Matthias, (and CCing Brian upstream as a heads-up)
On 23 June 2007 at 15:47, Matthias Klose wrote:
| Package: libgsl0-dev
| Severity: serious
| User: [EMAIL PROTECTED]
| Usertags: goal-ldbl128
|
| Discussed in http://lists.debian.org/debian-devel/2007/05/msg01173.html
|
| With glibc-2.5 and gcc-4.1.2 (and gcc-4.2), the 'long double'
| data type did change from a 64bit representation to a 128bit
| representation on alpha, powerpc, sparc, s390. To allow
| partial upgrades of packages, we will need to rename all
| packages holding libraries with the long double data type in
| their API. Both libc and libstdc++ do not need to be renamed,
| because they support both representations. We rename the library
| packages on all architectures to avoid name mismatches between
| architectures (you can avoid the renaming by supporting both
| datatype representations in the library as done in glibc and
| libstdc++, but unless a library is prepared for that, it does not
| seem to be worth the effort).
|
| It is suggested to rename a package libfoo1 to libfoo1ldbl;
| please wait with the renaming if the package depends on
| another library package which needs renaming.
|
| This package has been indentified as one with header files in
| /usr/include matching 'long *double'. Please close this bug report
| if it is a false positive, or rename the package accordingly.

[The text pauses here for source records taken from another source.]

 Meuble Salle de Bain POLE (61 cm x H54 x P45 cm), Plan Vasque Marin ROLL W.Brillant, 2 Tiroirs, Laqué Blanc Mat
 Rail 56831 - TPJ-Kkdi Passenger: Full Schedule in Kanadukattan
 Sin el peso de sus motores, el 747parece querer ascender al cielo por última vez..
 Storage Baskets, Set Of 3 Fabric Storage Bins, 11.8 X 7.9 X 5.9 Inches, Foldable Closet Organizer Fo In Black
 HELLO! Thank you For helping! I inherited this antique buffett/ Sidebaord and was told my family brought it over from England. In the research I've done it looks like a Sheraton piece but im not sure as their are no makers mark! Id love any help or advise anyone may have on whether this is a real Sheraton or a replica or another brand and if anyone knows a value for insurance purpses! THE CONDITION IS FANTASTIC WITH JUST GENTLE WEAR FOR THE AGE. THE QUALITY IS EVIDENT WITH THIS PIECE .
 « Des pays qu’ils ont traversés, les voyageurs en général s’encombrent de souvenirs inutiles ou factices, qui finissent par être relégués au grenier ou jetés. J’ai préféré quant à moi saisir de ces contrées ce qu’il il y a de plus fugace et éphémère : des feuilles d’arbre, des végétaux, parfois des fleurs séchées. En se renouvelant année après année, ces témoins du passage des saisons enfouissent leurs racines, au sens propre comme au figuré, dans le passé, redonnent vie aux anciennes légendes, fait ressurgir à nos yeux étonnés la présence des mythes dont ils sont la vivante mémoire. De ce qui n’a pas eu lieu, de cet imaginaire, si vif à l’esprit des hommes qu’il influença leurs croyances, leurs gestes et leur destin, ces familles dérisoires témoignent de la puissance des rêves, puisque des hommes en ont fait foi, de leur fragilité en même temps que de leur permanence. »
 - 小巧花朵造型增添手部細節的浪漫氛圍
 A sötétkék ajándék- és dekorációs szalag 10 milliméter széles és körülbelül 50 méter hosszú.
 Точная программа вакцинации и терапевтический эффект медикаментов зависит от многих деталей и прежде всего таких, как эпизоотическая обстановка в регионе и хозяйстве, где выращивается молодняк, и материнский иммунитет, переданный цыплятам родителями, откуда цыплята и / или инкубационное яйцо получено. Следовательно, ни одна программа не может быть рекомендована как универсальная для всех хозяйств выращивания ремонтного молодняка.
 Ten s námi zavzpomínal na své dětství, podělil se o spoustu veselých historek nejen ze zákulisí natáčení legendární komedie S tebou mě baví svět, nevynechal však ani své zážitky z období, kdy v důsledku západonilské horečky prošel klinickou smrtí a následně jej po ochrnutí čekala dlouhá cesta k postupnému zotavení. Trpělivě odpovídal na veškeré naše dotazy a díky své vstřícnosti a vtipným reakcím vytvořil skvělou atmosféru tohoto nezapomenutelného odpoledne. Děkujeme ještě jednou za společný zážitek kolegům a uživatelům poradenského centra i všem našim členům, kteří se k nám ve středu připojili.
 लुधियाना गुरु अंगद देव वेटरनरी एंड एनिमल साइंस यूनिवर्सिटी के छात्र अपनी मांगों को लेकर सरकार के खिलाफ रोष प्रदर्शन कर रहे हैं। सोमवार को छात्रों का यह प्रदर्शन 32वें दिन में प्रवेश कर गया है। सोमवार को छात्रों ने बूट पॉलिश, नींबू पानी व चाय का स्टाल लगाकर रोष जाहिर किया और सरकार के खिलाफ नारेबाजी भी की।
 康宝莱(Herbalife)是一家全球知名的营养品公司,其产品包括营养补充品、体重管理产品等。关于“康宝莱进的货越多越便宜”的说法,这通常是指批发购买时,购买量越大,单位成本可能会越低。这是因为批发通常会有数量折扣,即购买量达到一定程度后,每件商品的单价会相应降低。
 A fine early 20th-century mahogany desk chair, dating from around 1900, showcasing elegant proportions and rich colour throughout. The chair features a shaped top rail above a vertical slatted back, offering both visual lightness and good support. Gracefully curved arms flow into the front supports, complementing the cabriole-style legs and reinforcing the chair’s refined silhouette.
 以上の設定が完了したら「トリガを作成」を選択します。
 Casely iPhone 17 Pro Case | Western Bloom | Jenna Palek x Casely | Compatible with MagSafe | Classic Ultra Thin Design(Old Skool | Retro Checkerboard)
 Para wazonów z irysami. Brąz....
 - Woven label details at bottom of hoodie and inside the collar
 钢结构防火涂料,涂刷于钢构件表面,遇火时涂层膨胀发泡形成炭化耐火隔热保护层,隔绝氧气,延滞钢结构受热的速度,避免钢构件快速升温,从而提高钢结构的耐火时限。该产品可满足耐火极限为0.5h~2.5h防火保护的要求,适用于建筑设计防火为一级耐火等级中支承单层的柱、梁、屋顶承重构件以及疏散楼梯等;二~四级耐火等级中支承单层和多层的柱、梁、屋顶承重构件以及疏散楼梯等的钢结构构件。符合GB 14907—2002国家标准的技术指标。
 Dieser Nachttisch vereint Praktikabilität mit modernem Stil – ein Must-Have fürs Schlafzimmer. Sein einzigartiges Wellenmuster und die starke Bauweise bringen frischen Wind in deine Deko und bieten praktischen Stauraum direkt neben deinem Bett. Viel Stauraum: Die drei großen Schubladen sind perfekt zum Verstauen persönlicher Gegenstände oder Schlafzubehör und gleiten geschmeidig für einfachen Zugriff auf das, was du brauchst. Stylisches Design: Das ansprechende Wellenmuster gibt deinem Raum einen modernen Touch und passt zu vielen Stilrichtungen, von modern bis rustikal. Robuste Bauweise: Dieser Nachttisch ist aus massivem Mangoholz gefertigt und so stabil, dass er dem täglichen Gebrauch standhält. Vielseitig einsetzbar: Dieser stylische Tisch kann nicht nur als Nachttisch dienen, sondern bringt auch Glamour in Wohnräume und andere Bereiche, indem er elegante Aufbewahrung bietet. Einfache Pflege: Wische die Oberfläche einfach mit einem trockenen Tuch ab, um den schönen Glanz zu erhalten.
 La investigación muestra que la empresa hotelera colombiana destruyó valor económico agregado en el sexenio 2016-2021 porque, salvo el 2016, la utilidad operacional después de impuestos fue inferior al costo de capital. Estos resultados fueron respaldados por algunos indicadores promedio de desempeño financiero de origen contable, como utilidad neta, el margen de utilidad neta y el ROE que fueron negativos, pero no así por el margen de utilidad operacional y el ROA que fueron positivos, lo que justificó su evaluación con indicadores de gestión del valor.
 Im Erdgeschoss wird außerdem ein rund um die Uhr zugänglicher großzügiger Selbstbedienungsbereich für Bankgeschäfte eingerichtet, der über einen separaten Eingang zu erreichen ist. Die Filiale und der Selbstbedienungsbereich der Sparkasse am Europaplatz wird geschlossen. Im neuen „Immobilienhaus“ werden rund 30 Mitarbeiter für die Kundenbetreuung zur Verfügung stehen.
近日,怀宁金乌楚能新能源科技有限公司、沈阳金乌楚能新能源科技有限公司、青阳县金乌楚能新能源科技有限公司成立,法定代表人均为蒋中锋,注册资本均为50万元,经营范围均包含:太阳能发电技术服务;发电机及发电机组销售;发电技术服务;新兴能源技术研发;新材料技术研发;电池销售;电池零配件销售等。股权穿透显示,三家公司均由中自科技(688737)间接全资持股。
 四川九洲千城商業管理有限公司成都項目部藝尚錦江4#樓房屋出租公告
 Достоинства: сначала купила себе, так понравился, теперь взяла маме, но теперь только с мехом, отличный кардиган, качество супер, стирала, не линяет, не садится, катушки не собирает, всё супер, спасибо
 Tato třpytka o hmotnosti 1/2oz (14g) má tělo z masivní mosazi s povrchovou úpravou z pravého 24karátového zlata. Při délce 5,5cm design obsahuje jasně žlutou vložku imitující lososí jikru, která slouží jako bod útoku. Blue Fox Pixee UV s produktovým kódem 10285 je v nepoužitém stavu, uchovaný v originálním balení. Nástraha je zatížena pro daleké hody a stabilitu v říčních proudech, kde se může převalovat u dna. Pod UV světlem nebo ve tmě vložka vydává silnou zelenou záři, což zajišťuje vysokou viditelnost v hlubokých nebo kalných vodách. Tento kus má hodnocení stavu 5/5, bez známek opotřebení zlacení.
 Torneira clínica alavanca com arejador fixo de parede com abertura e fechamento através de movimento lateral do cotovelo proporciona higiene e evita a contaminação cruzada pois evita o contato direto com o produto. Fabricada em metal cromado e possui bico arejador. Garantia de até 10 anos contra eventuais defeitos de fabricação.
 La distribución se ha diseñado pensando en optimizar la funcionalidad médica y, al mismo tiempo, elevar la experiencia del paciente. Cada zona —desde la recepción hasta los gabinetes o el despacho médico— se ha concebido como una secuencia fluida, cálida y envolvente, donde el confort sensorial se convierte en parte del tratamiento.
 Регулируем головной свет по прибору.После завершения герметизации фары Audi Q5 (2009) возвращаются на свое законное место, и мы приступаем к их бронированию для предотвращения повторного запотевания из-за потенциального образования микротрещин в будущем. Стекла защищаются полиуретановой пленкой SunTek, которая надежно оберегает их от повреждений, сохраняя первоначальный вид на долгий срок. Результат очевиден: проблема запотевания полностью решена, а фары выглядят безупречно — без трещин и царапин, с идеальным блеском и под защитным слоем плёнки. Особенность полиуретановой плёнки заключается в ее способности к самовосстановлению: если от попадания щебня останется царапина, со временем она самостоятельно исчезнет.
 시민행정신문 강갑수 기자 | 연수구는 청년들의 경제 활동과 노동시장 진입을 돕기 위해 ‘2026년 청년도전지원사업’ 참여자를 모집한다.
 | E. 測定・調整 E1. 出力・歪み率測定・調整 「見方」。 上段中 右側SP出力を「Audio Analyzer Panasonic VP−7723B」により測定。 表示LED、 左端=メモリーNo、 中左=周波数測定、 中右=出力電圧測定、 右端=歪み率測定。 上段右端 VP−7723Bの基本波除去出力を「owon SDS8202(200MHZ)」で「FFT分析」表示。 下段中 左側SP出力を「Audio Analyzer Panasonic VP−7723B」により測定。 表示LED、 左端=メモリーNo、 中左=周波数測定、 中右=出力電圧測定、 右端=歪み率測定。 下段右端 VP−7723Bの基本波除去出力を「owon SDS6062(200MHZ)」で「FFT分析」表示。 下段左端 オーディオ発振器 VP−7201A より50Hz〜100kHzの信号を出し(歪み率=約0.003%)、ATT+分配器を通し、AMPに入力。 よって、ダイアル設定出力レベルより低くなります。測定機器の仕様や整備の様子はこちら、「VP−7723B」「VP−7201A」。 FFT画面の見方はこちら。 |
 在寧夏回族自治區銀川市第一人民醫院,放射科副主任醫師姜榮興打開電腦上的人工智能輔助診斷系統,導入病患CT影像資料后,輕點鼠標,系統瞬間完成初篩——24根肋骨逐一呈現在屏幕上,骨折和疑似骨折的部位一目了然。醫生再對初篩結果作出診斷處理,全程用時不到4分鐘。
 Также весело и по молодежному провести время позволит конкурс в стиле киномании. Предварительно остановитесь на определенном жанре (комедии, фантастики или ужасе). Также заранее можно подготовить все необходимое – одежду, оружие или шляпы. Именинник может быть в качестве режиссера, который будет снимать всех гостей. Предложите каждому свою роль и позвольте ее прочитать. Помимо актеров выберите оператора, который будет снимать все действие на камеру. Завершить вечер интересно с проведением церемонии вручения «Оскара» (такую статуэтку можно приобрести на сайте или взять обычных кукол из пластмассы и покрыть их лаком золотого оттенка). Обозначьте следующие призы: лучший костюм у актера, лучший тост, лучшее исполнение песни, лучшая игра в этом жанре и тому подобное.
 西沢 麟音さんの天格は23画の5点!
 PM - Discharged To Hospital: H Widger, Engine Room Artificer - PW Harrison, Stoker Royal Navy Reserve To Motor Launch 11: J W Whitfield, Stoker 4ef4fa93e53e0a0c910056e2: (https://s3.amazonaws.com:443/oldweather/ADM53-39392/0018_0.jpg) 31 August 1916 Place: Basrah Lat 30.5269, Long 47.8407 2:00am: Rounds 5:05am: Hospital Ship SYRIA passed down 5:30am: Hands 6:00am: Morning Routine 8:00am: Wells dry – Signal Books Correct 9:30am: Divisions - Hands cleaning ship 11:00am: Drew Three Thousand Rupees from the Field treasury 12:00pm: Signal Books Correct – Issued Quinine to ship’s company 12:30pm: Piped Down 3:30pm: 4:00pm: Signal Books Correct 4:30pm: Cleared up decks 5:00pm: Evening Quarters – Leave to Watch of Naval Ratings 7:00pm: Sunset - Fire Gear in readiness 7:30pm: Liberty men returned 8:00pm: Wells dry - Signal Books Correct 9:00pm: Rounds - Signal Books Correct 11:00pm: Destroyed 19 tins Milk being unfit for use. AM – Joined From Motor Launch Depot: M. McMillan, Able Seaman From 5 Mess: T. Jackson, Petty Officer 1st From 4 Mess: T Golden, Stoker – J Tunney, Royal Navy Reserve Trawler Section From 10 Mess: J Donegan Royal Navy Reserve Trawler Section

That looks like something I should indeed do for libgsl, given that there are
loads of packages depending on libgsl.
Now, I am still calling this libgsl0 even though GSL long pass the 1.0
version. Should I switch at the same time, or simply avoid confusing at and
just append the 'ldbl' ?
Brian,
Or is this something GSL catches in a way similat to glibc and libstdc++ ?
Thanks, Dirk
--
Hell, there are no rules here - we're trying to accomplish something.